**What you are asked to do**
Please output only the lines running from the one that contains "Sacoche artisanale pour" through the last line of the data below, exactly as they stand, with no pictures.

**Information**
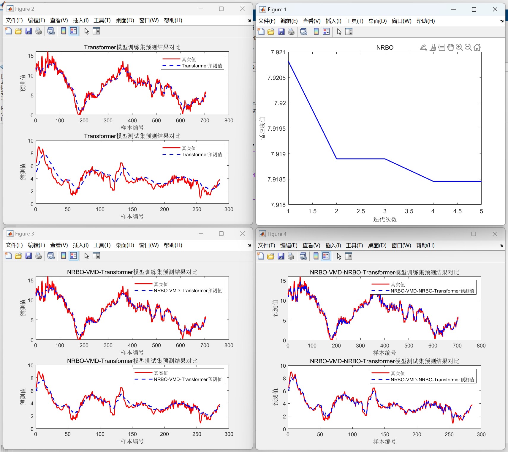 NRBO-VMD-NRBO-Transformer(双优化)、NRBO-VMD-Transformer、Transformer三模型单变量时序预测一键对比(仅运行一个main即可) Matlab代码。NRBO-VMD-NRBO-Transformer(双优化)、NRBO-VMD-Transformer、Transformer三模型单变量时序预测一键对比(仅运行一个main即可) Matlab代码。
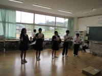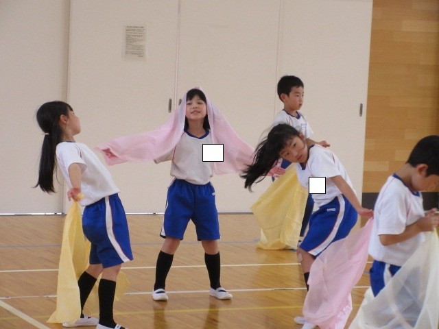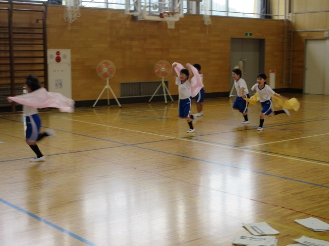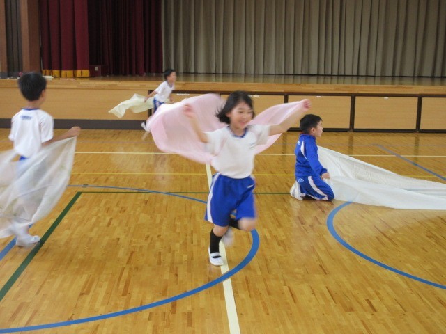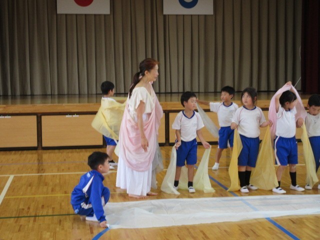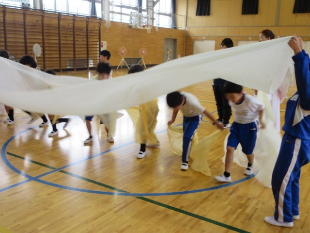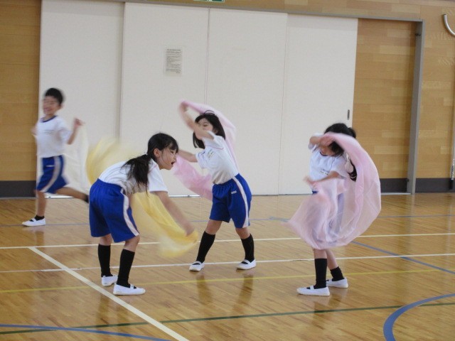 ミニコンサートの後の5校時目に、1年生が表現運動に挑戦しました。
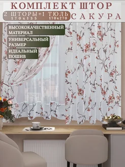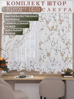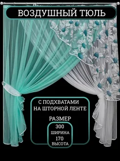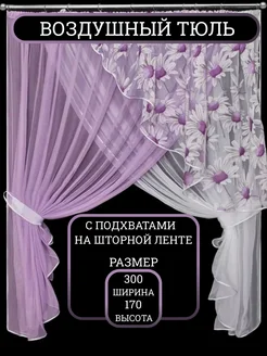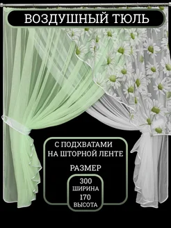 Кухонный тюль короткий 300*170 см шторы ромашка
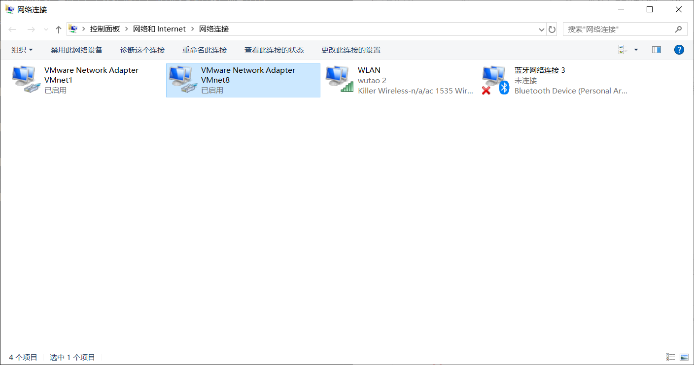 上面都确认后点开主机的更改适配器窗口,会出现虚拟机的网络连接状态。
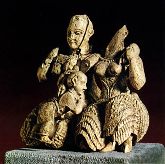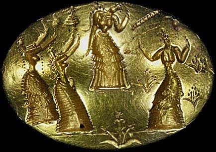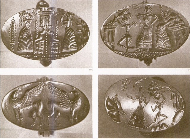 Отпечаток печати-перстня (сама печать не найдена, есть только слепок) Центральаня фигура баба высокого статуса, вероятно правительница или объект поклонения. Огромные сисики торчат наружу.
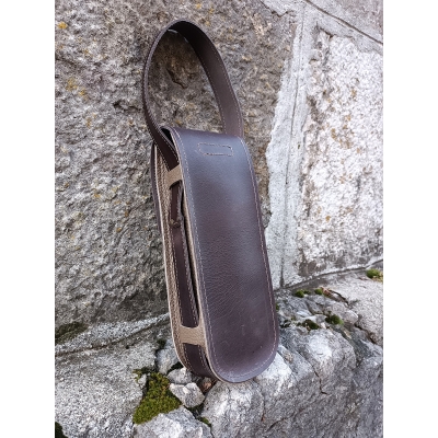 Sacoche artisanale pour 3 boules de pétanque en cuir marron et loutre Made in France
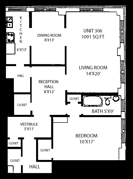 1 BR, 1 BA
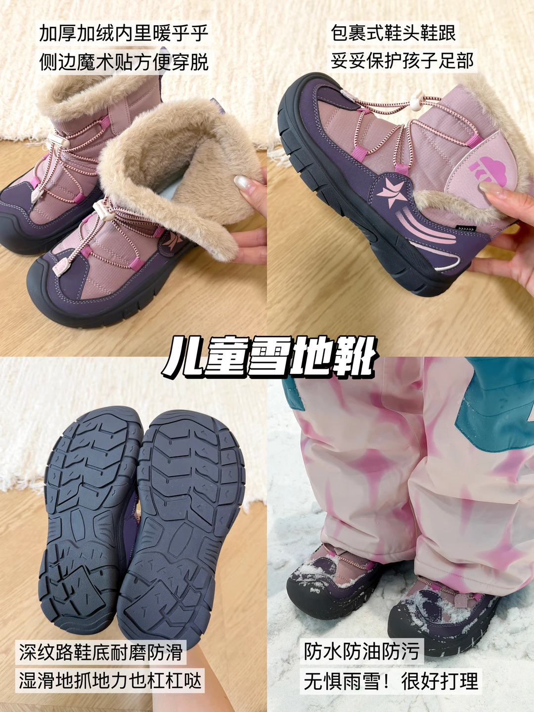 雪地靴选内里柔软厚绒,孩子喜欢踢雪踩雪,重点看鞋头加固设计和防水防雪力,弄湿了脚会速冻😂,鞋底防滑也很关键摔跤真的痛!建议选可调节魔术贴穿脱更方便,包裹紧也更保暖~

**Finished exercise**
 Sacoche artisanale pour 3 boules de pétanque en cuir marron et loutre Made in France
 1 BR, 1 BA
 雪地靴选内里柔软厚绒,孩子喜欢踢雪踩雪,重点看鞋头加固设计和防水防雪力,弄湿了脚会速冻😂,鞋底防滑也很关键摔跤真的痛!建议选可调节魔术贴穿脱更方便,包裹紧也更保暖~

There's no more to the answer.